The Anadolu Agency said the ban, which would block access to the websites in Turkey, was ordered by a court in the southeastern city of Diyarbakir, according to the Dogan news agency. The decision came from the court, because a lawyer in Diyarbakir filed a petition saying the websites were a danger to “public order.”
Earlier, police stopped trucks leaving a pro-secular newspaper’s printing center and checked the paper’s content after it decided to print a selection of Charlie Hebdo caricatures. The paper printed a four-page selection of cartoons and articles in a show of solidarity with Charlie Hebdo.
Cumhuriyet newspaper said police allowed distribution to proceed after thinking that the satirical French newspaper’s latest cover featuring the prophet wasn’t published. But two Cumhuriyet columnists used small, black-and-white images of the cover as their column headers in Wednesday’s issue.
It wasn’t immediately clear if the columnists’ use of the cover image escaped the attention of police.
“While preparing this selection, we respected societies’ freedoms of faith and religious sensitivities,” Cumhuriyet editor-in-chief Uktu Cakirozer said in a statement.

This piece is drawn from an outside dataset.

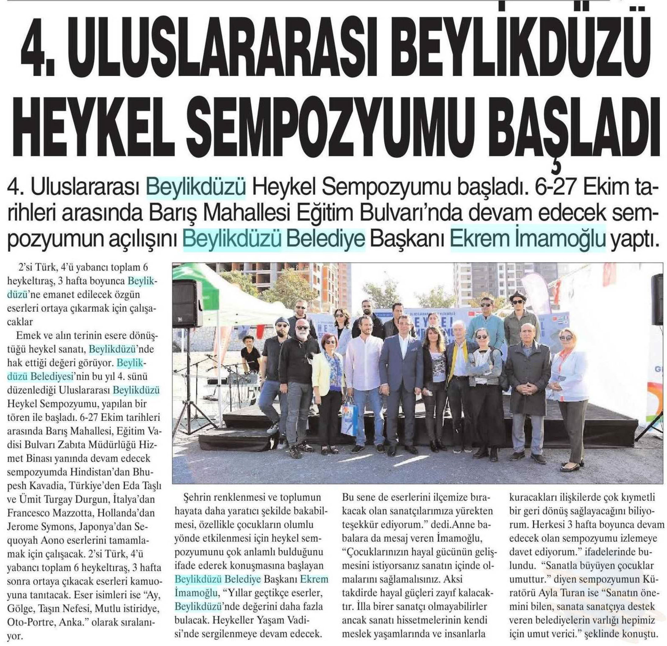 11 Ekim 2017 tarihli "BÜYÜKÇEKMECE" gazetesi. 4.Uluslararası Beylikdüzü Heykel Sempozyumu başladı. 6-27 Ekim tarihleri arasında Barış Mahallesi Eğitim Bulvarı'nda devam edecek sempozyumun açılışını Beylikdüzü Belediye Başkanı Ekrem İmamoğlu yaptı.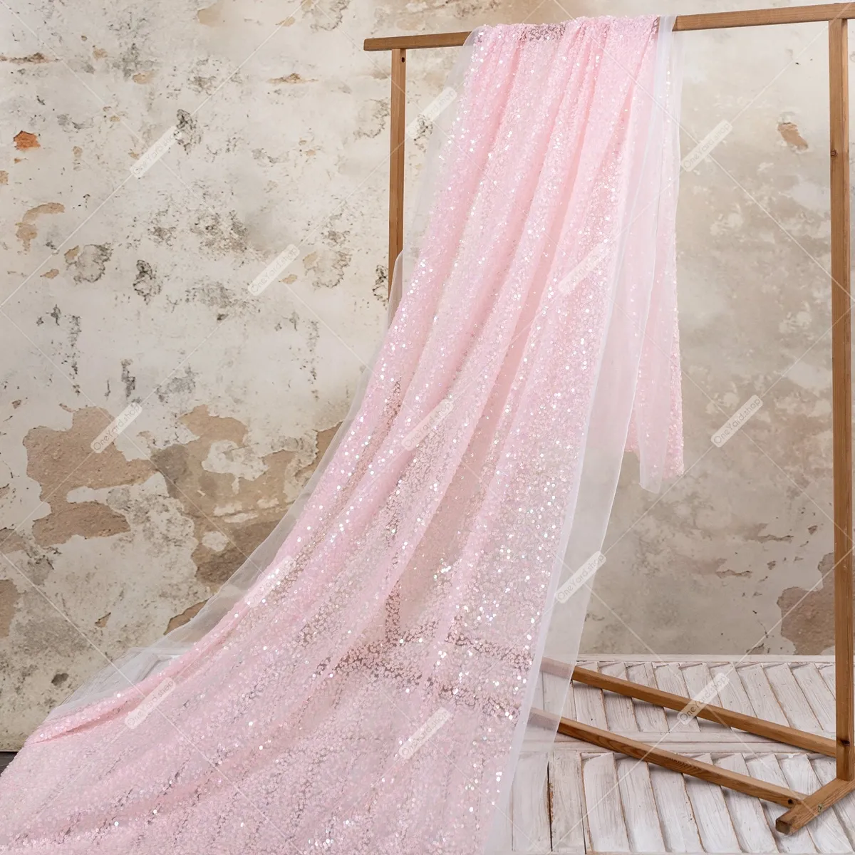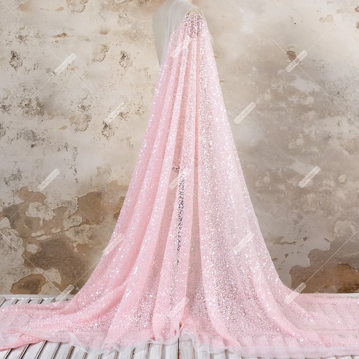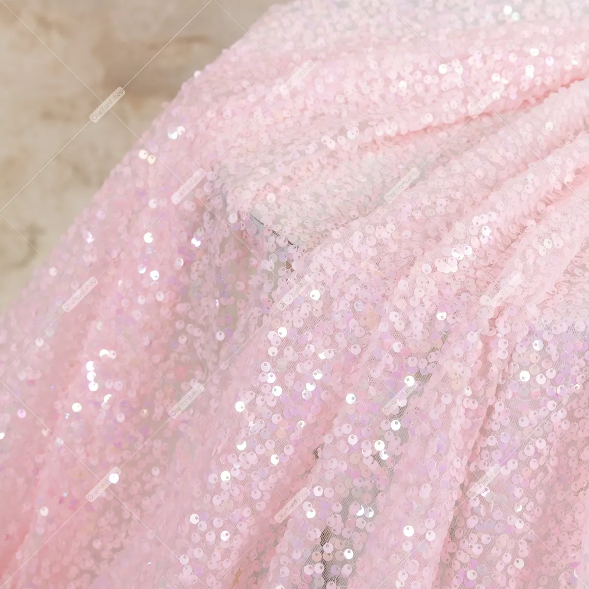 Baby pink with some tangerine color 5mm sequins all over on mesh material for dressmaking by the yard. Beautiful baby pink sequin fabric for making prom dresses, bridal gowns, special occasion dresses, and more.

“There may have been some (people) who were worried that this would be an issue that would belittle religious beliefs… But I believe that people won’t think that way when they see today’s issue,” Cakirozer later told The Associated Press in an interview.
On the two columnists’ decision to use images of the cover in their columns, Cakirozer said: “That was the personal choice of our writers.”
Police intensified security outside Cumhuriyet’s headquarters and printing center as a precaution. Small groups of pro-Islamic demonstrators protested Cumhuriyet in Ankara and in the central city of Konya, the state-run Anadolu Agency reported.